他流派や他武道他武術の人たちと手を合わせると、そこの道場や流派や武道武術の考え方が、はっきりと見えてきます。
手を合わせる前に情報などがあると、その情報の確認ということになる。
今や世の中には、書籍や雑誌やネットなどで大量の情報が流れています。
それらをよく見てる人たちは、確かによくものを知ってます。
しかし、そのよく知ってる人たちと実際に手を合わせてみると、「なんじゃこりゃ?」ということが多いです。
ネットで小難しい言葉を書いてるだけの人なら、やっぱりこんなものかとも思いますが、色んな技術本やたくさん書いてビデオなども出してるような人のお弟子とかが「なんじゃこりゃ?」レベルなら、その師匠の実力を疑わざるを得ないですね。
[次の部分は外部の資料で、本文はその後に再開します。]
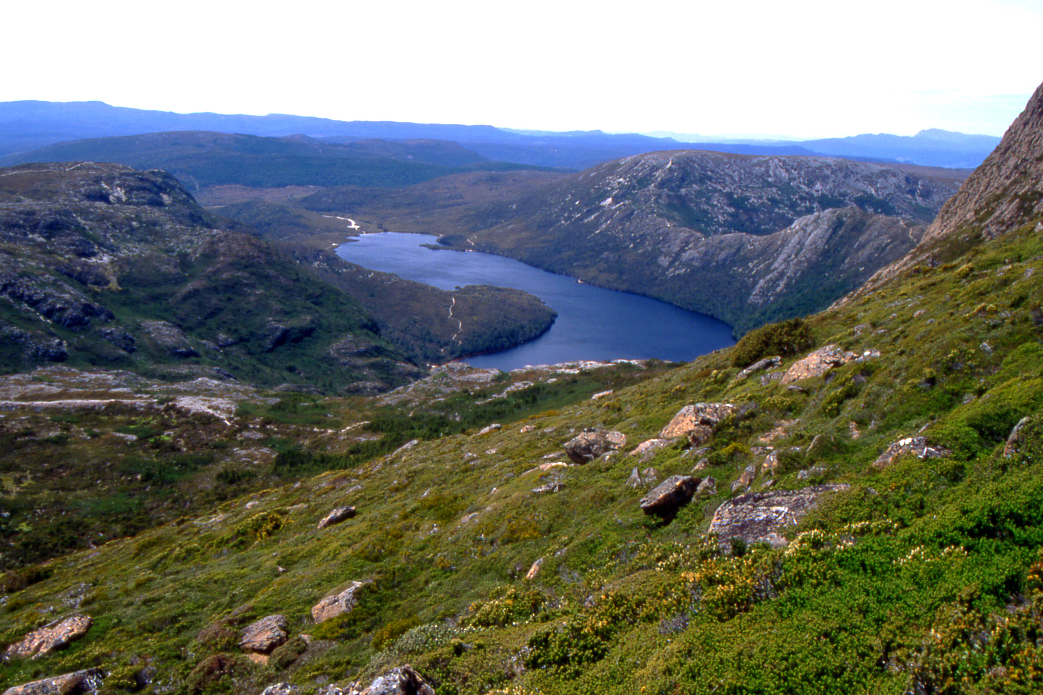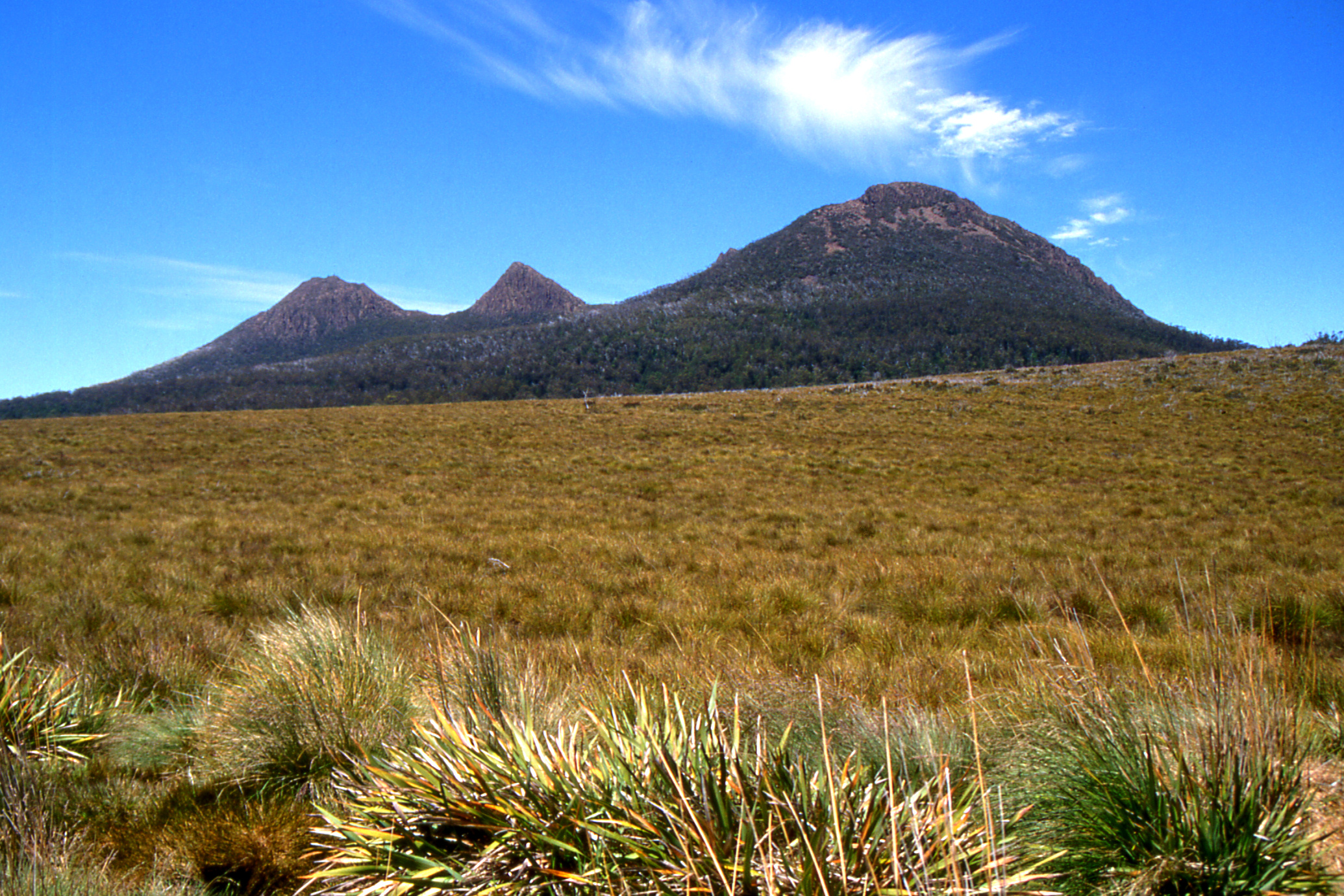 Looking west from Cradle Mountain (1545m) over the Cradle Plateau and Crater Peak (1270m) |

ある時体験者が来て稽古をした中で少し「中心を取る」ということをやりました。
中心を取るなどという言葉は、今や武道武術界では当たり前にほとんどの人が知ってる言葉でしょうが、実体験として本当に中心を取られたことのある人がどれだけいるでしょうか?

考え方の違い
http://www.youtube.com/watch?list=PLrLCtjc21ITxP7jspb6S1btmkraJ8Qq9u&v=IKHgi8c2JX0

中心を取られたら、取ったほうは何でも出来て、取られたほうは何にも出来ない。
そういうのが本当の中心を取ることです。
動けば、斬られる、殴られる、蹴られる、投げられる、だから本当に中心を取られたことがあり、その恐さを知ってる者は下手に動かない。
中心を取られたままでジタバタする人は、本当に中心を取られた恐さを知らない人であり、師匠からその恐さを教えられてない人でしょう。
また、その師匠が本当の中心を取れない人である可能性もあるということでもあります。
もちろん、弟子や生徒が師匠の言うこととちっとも理解しようとせず稽古もせず、という場合も多いことでしょう。
しかし、そうそう好意的に見てくれる人も少ないですね。

合気道はこの「中心を取る」ことが出来てから始まる道です。
一教=入身、二教=転換、三教=入身転換、四教=反射というのが当方の合気道であり、三教=入身転換こそが完全に中心を取った状態であり合気です。
そして中心を取ること即ち、全体を取ることなのです。
三教=入身転換が出来なきゃ次の四教=反射に行けない。つまり、中心が取れなきゃ反射に行かない。
反射をやらなきゃ合気道でないのです。

また、ある打撃系武道を指導してる人から、
「相手が手も足も出なくなる中心を取るような感覚は、自分たちが今やってる練習の先にあるのか?」
と質問を受けました。僕は、
「必要が無いから無いでしょう」
と答えました。
中心を取る必要があるのは、一撃必殺の攻撃が彼我にあるからです。
ポイントの取り合いや判定による勝ち負けがあるような競技スポーツでは、中心を取り合う必要性が少ないです。
むしろ互いに中心を外して、ガンガン打ち合い蹴り合えばよいでしょう。
時間無制限一本勝負のような競技なら必要も出て来ると思いますが、これから先、そんな競技は産まれないんじゃないでしょうか。